The global development has now come to a critical state where humanity act as a new geological force and it is obvious that there are numerous of environmental problems which arise from the present geosphere-biosphere-anthroposphere interactions which urgently need to be addressed. This paper argues that systems analysis and modelling of environmental systems is one necessary part in successful governing of societies towards sustainability. In the 1960th many observations and data made it evident that the environment in most countries was in a bad state. To get a holistic view of the complex problems and to clarify the relationships of structure and function, systems thinking was applied e.g. modelling, cybernetics, systems analysis, life cycle assessment and energy and material flow analysis. Such tools used collectively, conceptualized as ‘integrated assessment’, can help to communicate fundamental knowledge, and to support decision-making when identifying, developing and implementing precautionary measures and solutions. There are good examples demonstrating the strength of such approaches; Solutions to the ozone depletion by replacing CFC’s with more chemically reactive compounds that are degraded within the troposphere.
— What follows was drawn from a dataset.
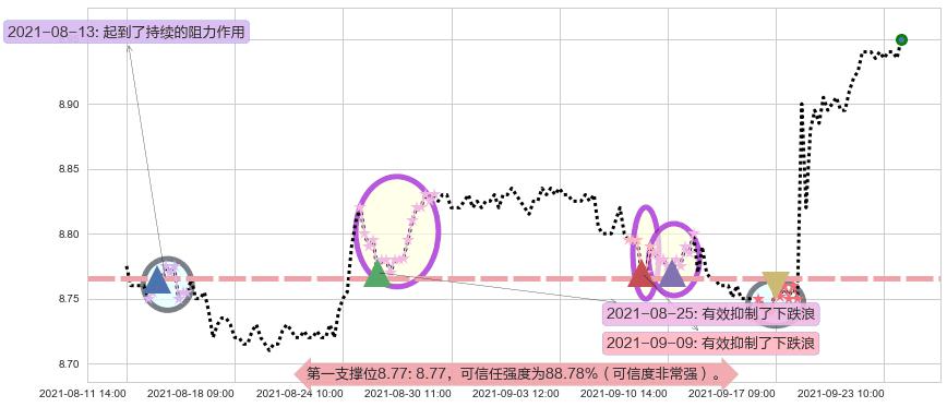 2021-09-13: 第一支撑位8.77有效抑制了下跌浪,成功阻止了价格的继续下跌。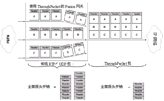 圖2 Clarent ThroughPacket包和普通RTP/UDP包的比較

Acidification of European low buffer soils and lakes, sensitive to acid rain, has decreased due to concerted action on Sulphur emission control in large parts of Europe. The handling and recycling of solid waste has resulted in a considerable reduction of deposits in large parts of the world. This basically natural scientific knowledge has also influenced the development within e.g. economy and jurisprudence and today ecological economy and environmental law assume ecological systems as fundamental.

The complexity of ecosystems and environmental issues can only be understood by use of advanced scientific tools such as modelling as a base for establishing interdisciplinary co-operation. Each component of such models will of course be an approximation, but validation and verification of the models will serve to make them useful. An ongoing research project at Mid Sweden University aims at building a complete carbon and energy balance model of an entire Swedish region, based on the Danish Samsø-model. Such models will make it possible to refer to a robust scientific base, thereby making it easier to argue for appropriate measures and actions. At the same time it will be clear what data these actions rest upon thereby making it easier to identify possible errors or limitations.

Systems analysis and subsequent modes are constructs. According to systems theory and model development they are strategies as the best representations of nature, we can make. At the same time it must be assured, that a continuous adaptation and improvement in a studied area is possible - i.e. that model outcomes are matched with phenomenological observations and that empirical work also is carried out. Model development can therefore be characterized as a dynamic and iterative process.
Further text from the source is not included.